Cyber-physical WebAssembly: Secure Hardware Interfaces and Pluggable Drivers

TL;DR

This work addresses the security and maintenance challenges of integrating hardware interfaces into IoT/edge devices by proposing standardized WASI interfaces for I2C and USB and a cyber-physical architecture where apps and device drivers run inside WebAssembly. The approach combines interface worlds, host/guest components, and runtime linking with capability-based and ACL-based security to mediates hardware access through Wasm. The authors implement three proof-of-concept deployments (I2C in Wasmtime, I2C in WAMR, USB in Wasmtime) and evaluate performance, showing minimal USB overhead ($<$1.4 MiB/s throughput reduction) but highlighting significant runtime initialization overhead in Wasmtime for I2C ($7.16$ ms worst-case). The results support the feasibility of standardized I2C/USB WASI interfaces for secure, modular hardware access on resource-constrained devices, while also outlining future work on standardization, cross-runtime support, and asynchronous capabilities.
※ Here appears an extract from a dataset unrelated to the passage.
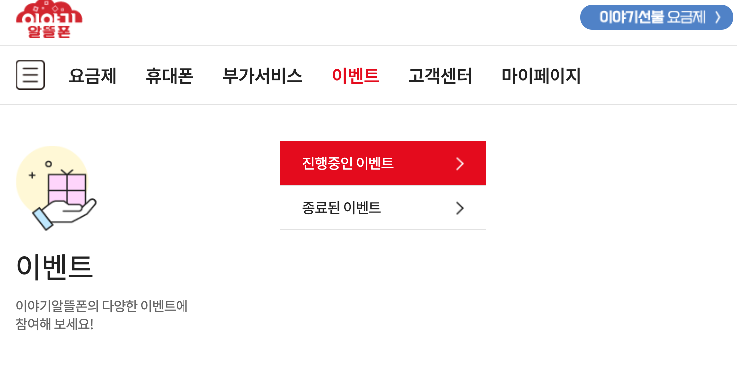 1. 이야기 알뜰폰 홈페이지에 접속하시면, 이벤트, 진행중인 이벤트로 이동합니다.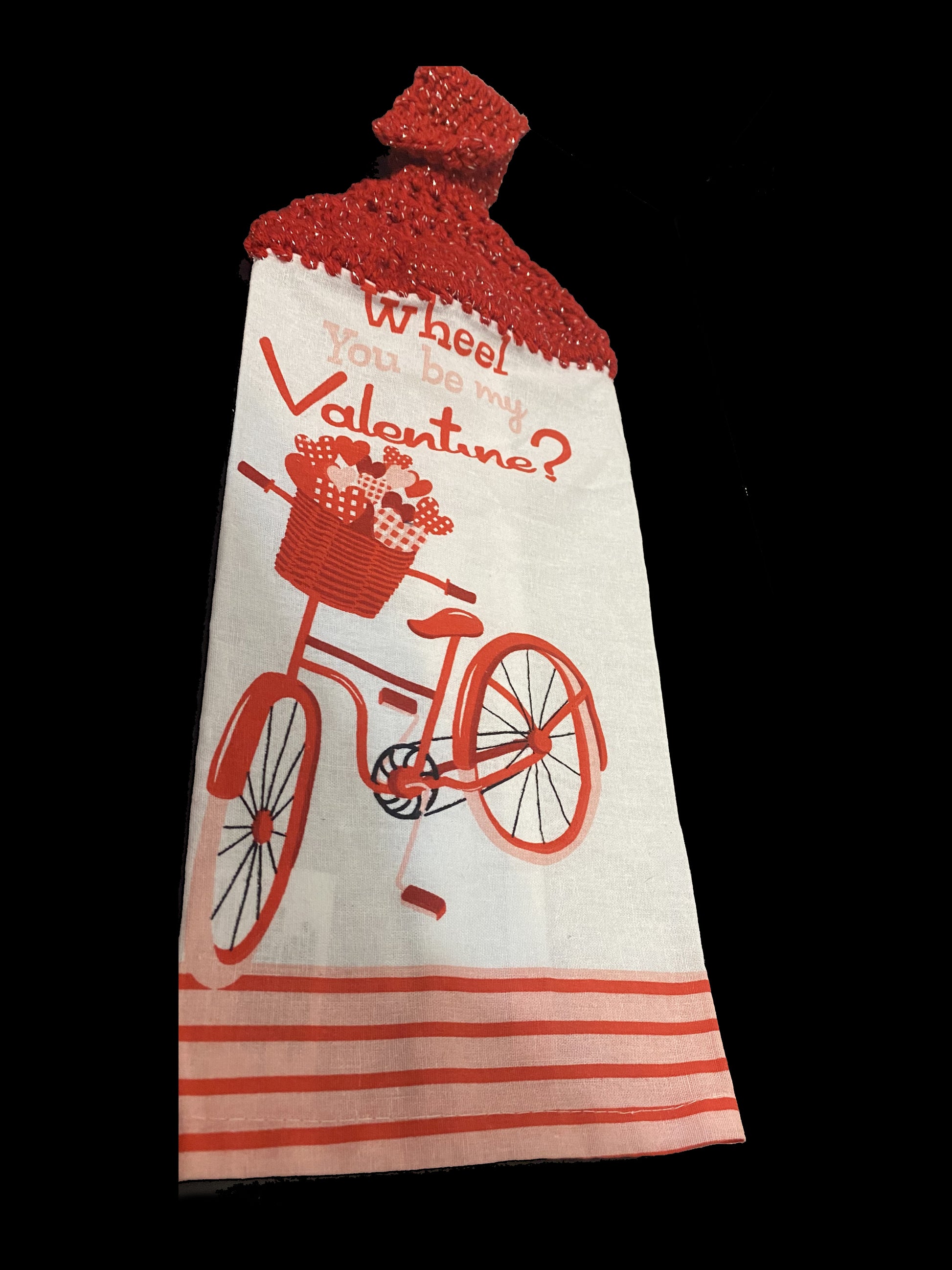 Kitchen towel with a crocheted hanger saying "Wheel you be my Valentine” with a bike with a basket of flowers.

This work lays groundwork for a secure, modular, and forward-compatible cyber-physical WebAssembly ecosystem for IoT and embedded systems.

Abstract

The rapid expansion of Internet of Things (IoT), edge, and embedded devices in the past decade has introduced numerous challenges in terms of security and configuration management. Simultaneously, advances in cloud-native development practices have greatly enhanced the development experience and facilitated quicker updates, thereby enhancing application security. However, applying these advances to IoT, edge, and embedded devices remains a complex task, primarily due to the heterogeneous environments and the need to support devices with extended lifespans. WebAssembly and the WebAssembly System Interface (WASI) has emerged as a promising technology to bridge this gap. As WebAssembly becomes more popular on IoT, edge, and embedded devices, there is a growing demand for hardware interface support in WebAssembly programs. This work presents WASI proposals and proof-of-concept implementations to enable hardware interaction with I2C and USB, which are two commonly used protocols in IoT, directly from WebAssembly applications. This is achieved by running the device drivers within WebAssembly as well. A thorough evaluation of the proof of concepts shows that WASI-USB introduces a minimal overhead of at most 8% compared to native operating system USB APIs. However, the results show that runtime initialization overhead can be significant in low-latency applications.

Figures (4)

• Figure 1: Schematic representation of the proof-of-concept architecture that enables I2C and USB hardware interface support in Wasm applications. The application and device drivers run as Wasm guest components and connect to the host components via WASI. The host components provide ACL and capability-based security and use underlying OS-specific APIs to implement the interfaces. This figure contains resources from Flaticon.com.
• Figure 2: Mean cold start execution times for writing a four-digit number to the display and reading the temperature from the HTS221 sensor, comparing native, Wasmtime, and WAMR implementations.
• Figure 3: USB flash drive sequential read speeds across various platforms for both native and Wasm guest applications show minimal overhead on high-powered machines, while lower-powered devices experience a larger overhead. The reported speeds represent the median throughput.
• Figure 4: Round-trip time for a 32-byte USB bulk transfer across different platforms, comparing native and Wasm guest applications. x86 Linux shows minimal outliers and reasonable overhead, whereas AArch64 displays greater overhead. The reported times represent the median round-trip time.